St. Luke 2:51-52
by The Rt. Rev. Daniel R. Morse
Epiphany 2007
Introduction
We celebrate the baptism of Jesus on the first Sunday after Epiphany. Baptism is the time when receive our Christian name—it means a new heart, a new disposition—it means we live like a Christian, with the character of a Christian.
I. Jesus Obeyed His Parents
A. Jesus was prepared at home. The boy Jesus had been well taught. Long before he sat in the midst of the doctors, he must have learned at Mary’s knee.
B. Duty to His Parents. This devotion to His heavenly Father was not inconsistent with his duty to his earthly parents, for he “came to Nazareth and was obedient to them.” This applies not merely to his actual childhood but to his whole Nazareth life. Child, boy, and man, he submitted His will, time, and work to his parents’ instructions. He showed his love to God by obeying parents.
C. You show your love to God by the way you treat your parents.
II. Jesus Increased in Wisdom
A. Jesus grew in wisdom because he obeyed his parents. He spent thirty years in private to prepare for three years in public. The best preparation for the future is the present. He did not despise their instructions.
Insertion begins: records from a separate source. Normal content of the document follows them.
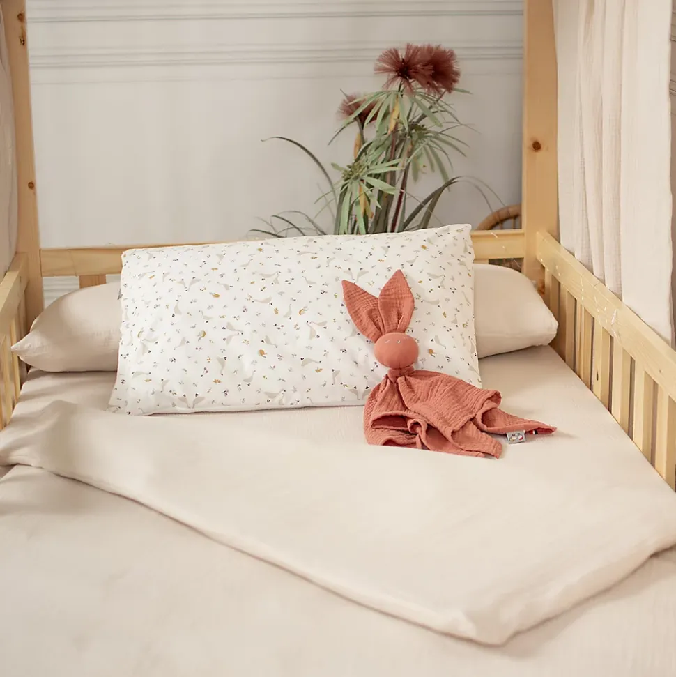 Taie d’oreiller réversible Sidonia en coton imprimé et gaze de coton – Made in France !Complétez la chambre de votre enfant avec notre taie d’oreiller Sidonia, une pièce douce et confortable en coton de haute qualité, avec une face en gaze de coton unie blanche et l’autre en coton imprimé. Ses motifs délicats d’oies, de baies et de fleurs à l’esprit minimaliste apportent une touche d’élégance à l’univers de votre tout-petit, tout en garantissant un sommeil paisible et confortable. Parfait pour s’harmoniser avec la housse de couette Sidonia.Cette taie d’oreiller réversible est confectionnée en France avec des matières certifiées, garantissant un environnement sain et pour la peau délicate des enfants. La gaze de coton, légère et respirante, absorbe l’excès d’humidité, tout en étant hypoallergénique et antibactérienne.Idéale pour offrir à votre enfant un sommeil réparateur, cette taie d’oreiller s’adapte parfaitement aux saisons grâce à sa face en coton imprimé et sa face en gaze de coton unie blanche. Ce tissu double face permet de changer facilement l’ambiance de la chambre, alliant douceur, confort et esthétisme.Caractéristiques de la taie d’oreiller Sidonia :Design réversible : Une face en coton imprimé avec des motifs d’oies, baies et fleurs, et l’autre en gaze de coton unie blanche pour un look minimaliste et élégant.Matières de haute qualité : Confectionnée en 100% coton certifié, garantissant douceur et sécurité pour les peaux sensibles.Fabrication française : Produit fabriqué dans nos ateliers en France, soutenant le savoir-faire local et réduisant l’empreinte carbone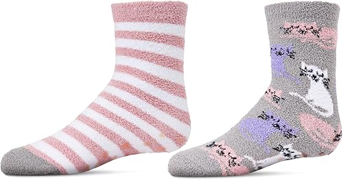 MeMoi Girl's Kitty Cats Fuzzy Mid-Cut Socks 2-Pack(Gray,One Size)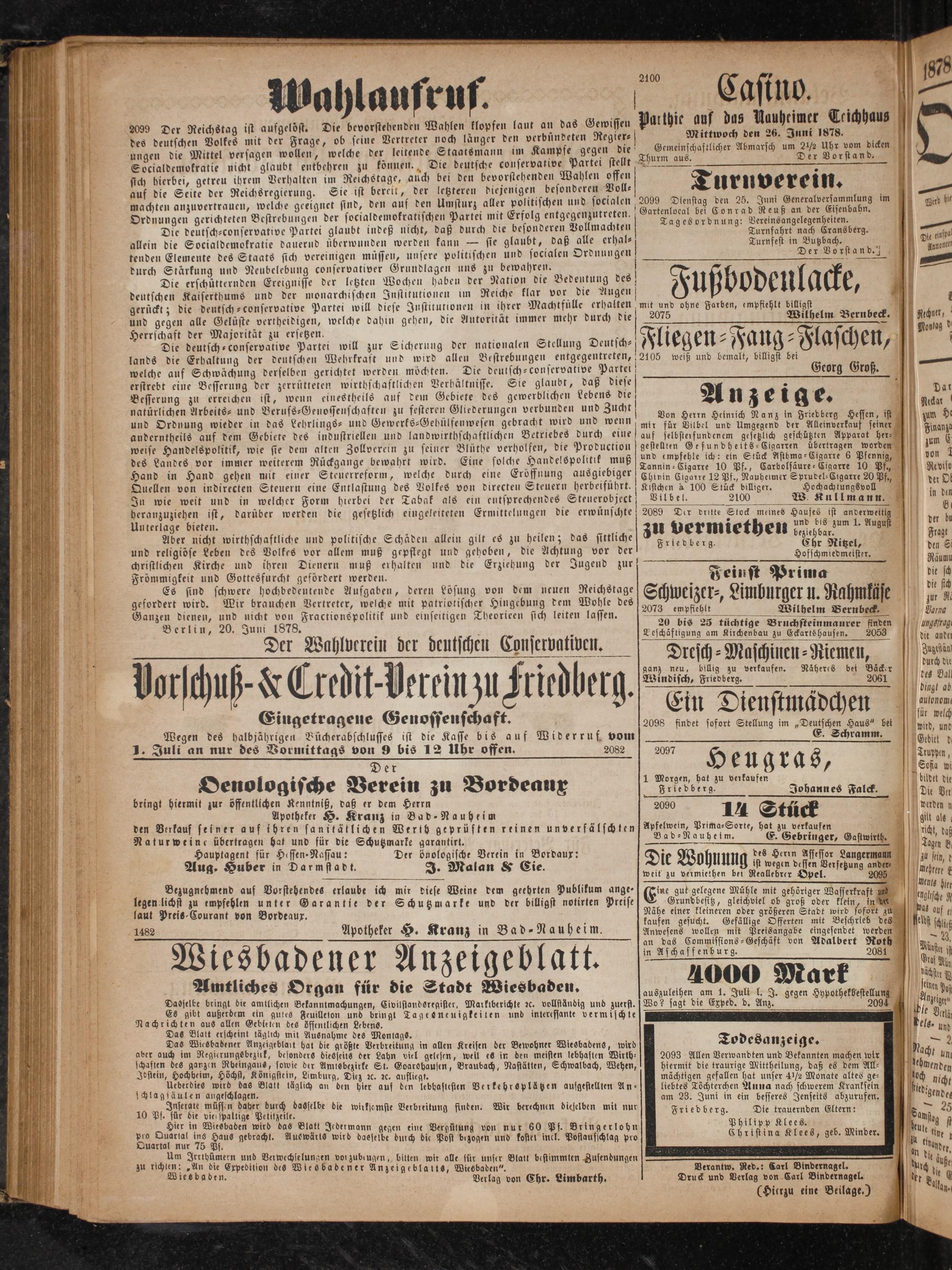 Verantw. Red.: Carl Bindernagel. Druck und Verlag von Carl Bindernagel.
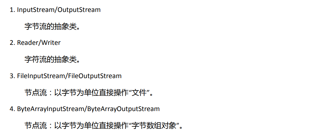 IO的四个基本抽象类:InputStream、OutputStream、Reader、Writer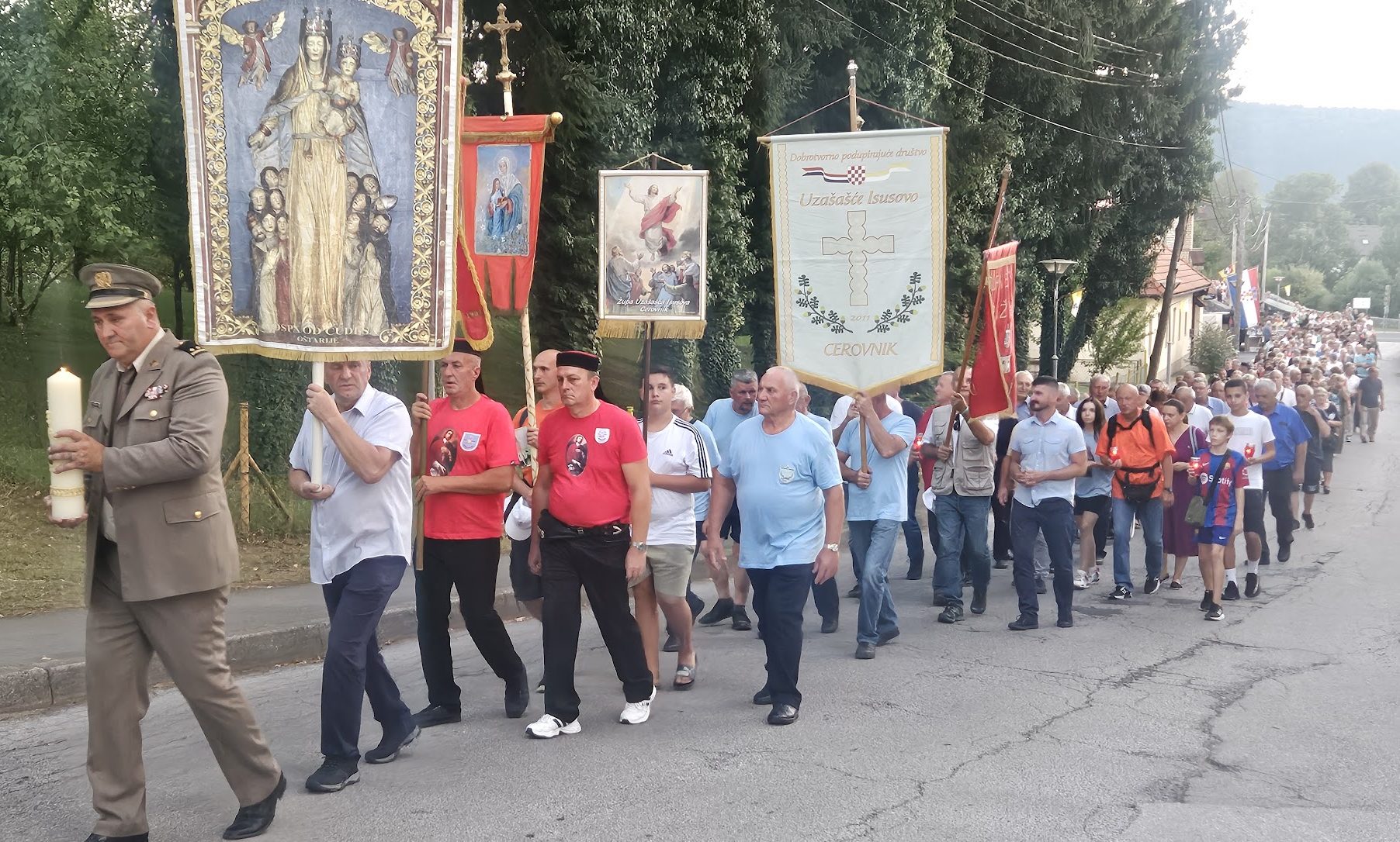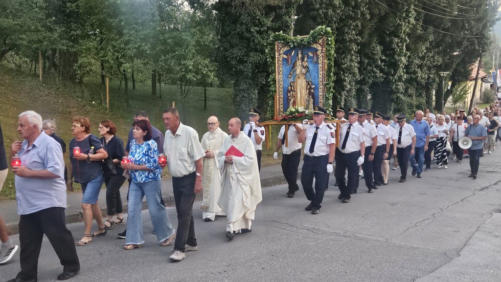 Misu uočnicu blagdanu Velike Gospe u svetištu Gospe od Čudesa u Oštarijama predvodio je generalni vikar Gospićko-senjske biskupije dr. Richard Pavlić. Prije mise održana je procesija od Vatrogasnog doma, preko pješačkog Marmontovog mosta do ostataka nekadašnje velebne katedrale unutar čijih zidina je održana misa. Koncelebriralo je 12 svećenika Ogulinskog dekanata i ostalih župa biskupije na čelu sa čuvarem svetišta vlč. Marijom Vazgečom, ogulinskim dekanom Mariom Kraljem i vlč. mr. Ivanom Stošićem iz Rijeke, dok je više svećenika ispovijedalo. Liturgijskim marijanskim napjevima i litanijama tijekom procesije misu je animirao združeni zbor više župa uz orguljsku pratnju Franje Puškarića i asistenciju Domagoja Šlata. Ove godine se na misi uočnici okupio rekordna broj vjernika u porcesiji i misi, po slobodnoj procjeni preko tisuću. Među njima bilo je puno hodočasnika koji su tijekom dana hodočastili iz Plaškog, Ogulina i Skradnika.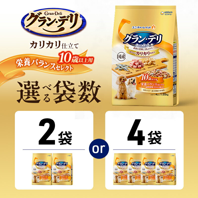 - 【ふるさと納税】グラン・デリ カリカリ仕立て 10歳以上用 栄養バランスセレクト 1.55kg 選べる袋数(2袋/4袋) ペットフード ドッグフード 犬のごはん 犬用フード 犬 ペット ドライ ユニ・チャーム ペット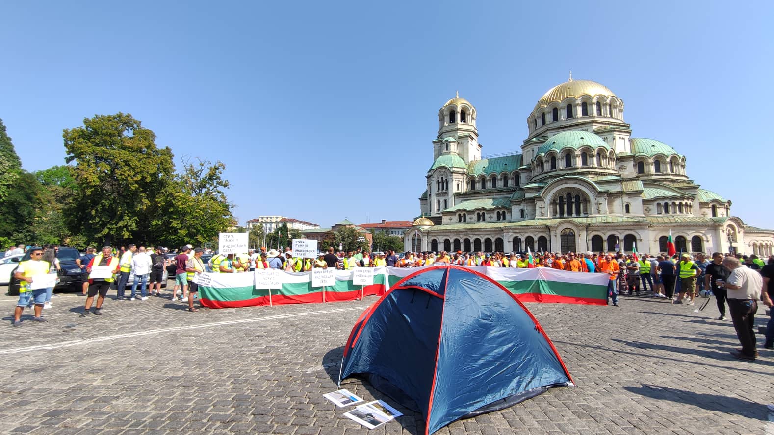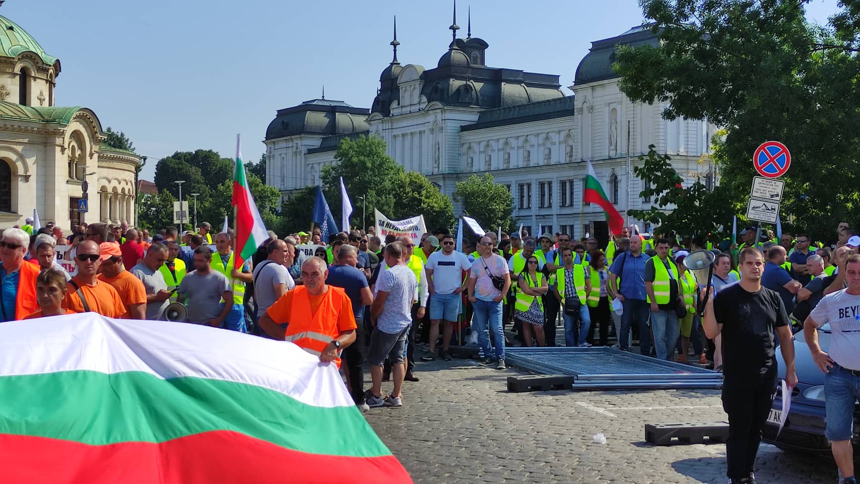 НАПРЕЖЕНИЕТО РАСТЕ: Пътните строители завардиха страничния вход на парламента - искат да си получат изработените 720 милиона (СНИМКИ)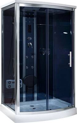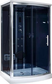 Акриловый поддон h - 15 см. с сифоном и усиленным каркасом. Анодированный алюминиевый профиль (матовый хром). Закаленное ударопрочное безопасное стекло толщиной 5 мм. Сенсорный пульт управления. Подсветка верхняя и боковая. FM-радио. Вентиляция. Смеситель однорычажный - четыре режима. Тропический душ. Лейка. Массажер ступней. Гидромассаж спины 6 джет. Двойные ролики. Стеклянная полочка. Откидное сиденье с допустимой нагрузкой не более 50 кг. Диспенсер. Ручки.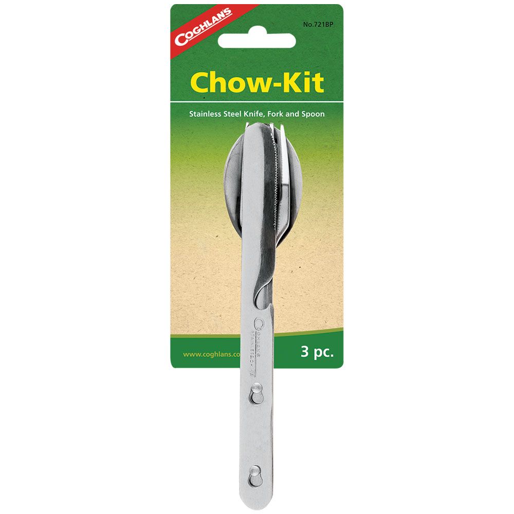 Three piece stainless steel knife, fork and spoon set clip together for easy carrying and storage. Comes with a reusable pouch.

B. We may even learn the needed lesson that it is quite possible to be good even in a bad situation, and that our surroundings are often part of our discipline.
C. If you don’t obey your parents you will grow up to be a fool.
III. Jesus Reminds Us To Obey
A. The Holy Gospel shows us how our Lord willingly assumed the duties imposed on him as the Savior from sin, and that in doing so He was obeying His parents. We celebrate the Lord’s Supper in remembrance of him—in remembrance of his obedience. Let it remind you, Christ says, “To think of Me, of My love for you that prompted Me to give My body and shed My blood for you on the Cross. Let it remind you of My work and My Person, of all about Me, also of My wholehearted devotion to obey my Father.”
B. We are so prone to forget our high calling and blessed responsibility. So the Lord calls us to His Table and says: “Do this in remembrance of Me, your Savior and Redeemer. This is to remind you not to forget that you belong to Me. I have bought you with a price. You belong not to yourself, not to the world. You are My blood-bought property. You are bound to serve Me.”
He said to his followers: “As the Father has sent Me, even so I send you.” He insists that his work on earth is as much ours as the Father’s work was his. Therefore he expects of his followers the same devotion to the Father’s business that characterized his whole life. When we celebrate the Holy Communion in remembrance of our Lord, we are to be reminded also of his wholehearted devotion to the Father’s business.
Remember how fully and completely he gave himself to the work for which he was sent. He said: “My food is to do the will of him who sent me and to accomplish his work.” His very existence was to do that for which his Father had sent him into the world. He said: “I have come down from heaven, not to do my own will but the will of him who sent me.” Again: “I must work the works of him who sent me.” At the end of his life he could say: “I glorified Thee on earth, having accomplished the work which Thou gavest Me to do.”
C. We need to be reminded that our Lord expects of all his followers this same devotion to the Father’s work. As you come today and joyously confess your happy conviction that the Lord Jesus has purchased you with his body and blood to serve him, ask yourself what you are doing for him. God has something for you to do. He wants you to obey him and your parents.